Events (including several we have seen already) can involve more than one outcome. For example, we have already computed the probability that a household won the lottery but failed to receive apply to the program.

Let's now turn to some joint probabilities of the available demographic information along with treatment status for the household.

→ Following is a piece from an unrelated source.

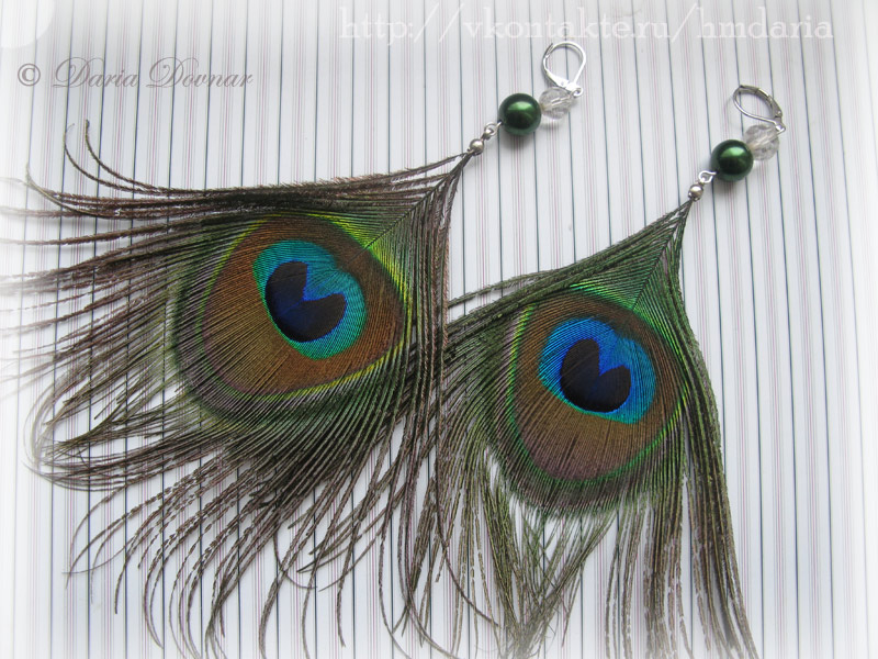 Вчера сделала, на самом деле, шикарные серьги с восхитительными перьями павлина! Какие же они классные!   я бы еще каких экзотических перышек хотела бы)))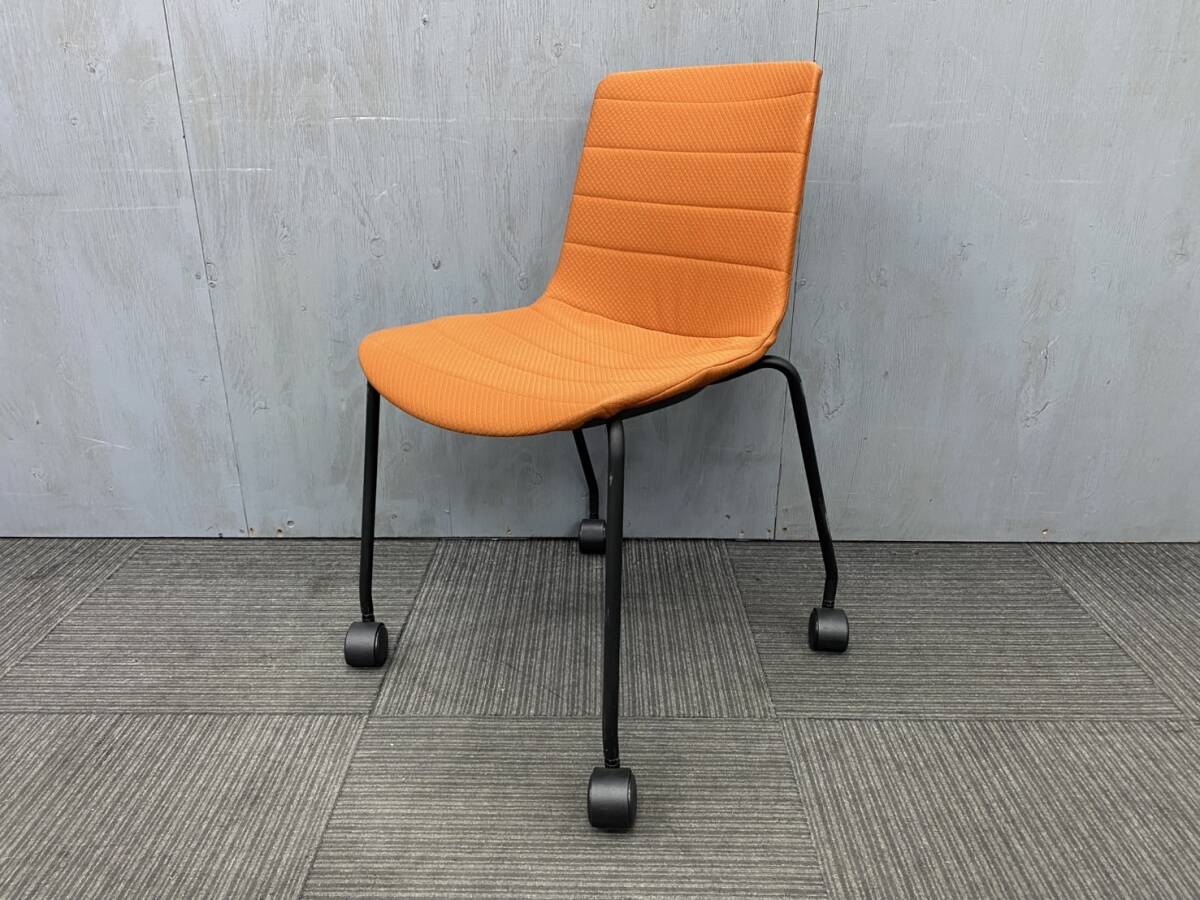◆管2128◆自社便対応地域あり◆アスクル◆キャスター付きスタッキングチェアー 4脚セット◆会議 ミーティング オフィス◆オレンジ系

We will start using an age group variable that we construct below.
First we obtain the age of each subject in the first year of the
program, then ask Pandas to group the subjects into three groups of
equal size based on age.

In [None]:
hh = df.groupby('household_id').agg({'treatment': 'first',
                                     'applied_app': 'max',
                                     'approved_app': 'max',
                                     'zip_msa': 'first',
                                     'birthyear_list': 'median',
                                     'female': 'mean',
                                     'has_phone': 'mean'
                                    })
hh["age"] = 2008 - hh["birthyear_list"]
hh["agegrp"] = pd.qcut(hh["age"], 3)

Construct a 'contingency table' or 'crosstab' showing how many people have
each combination of the age group and treatment variables. (Hint: use `groupby`, `size`, and `unstack`)

<details>

```
counts = hh.groupby(["agegrp", "treatment"]).size().unstack()
counts
```

</details>


Convert the counts above to proportions. (Hint: you may have to use `sum` twice)

<details>

```
probs = counts / counts.sum().sum()
probs
```

</details>


The previous table contains sample proportions, which must sum to exactly 1. Show that the values sum to 1.

<details>

```
probs.sum().sum()
```

</details>


Find the value of

$$P(\text{Won the lottery and in the old age category})$$

(Hint: you may need to refer to your row using position rather than name)

<details>

```
probs[True][2]
```

</details>


Repeat these computations to find the joint probabilities for treatment and whether the household lives in a metropolitan area (`"zip_msa"`). What was the most common joint outcome. Describe this in words.

<details>

```
count_msa = hh.groupby(["zip_msa", "treatment"]).size().unstack()
probs_msa = count_msa / count_msa.sum().sum()
probs_msa
```

</details>
We see that most common outcome was households in metropolitan areas not winning the lottery.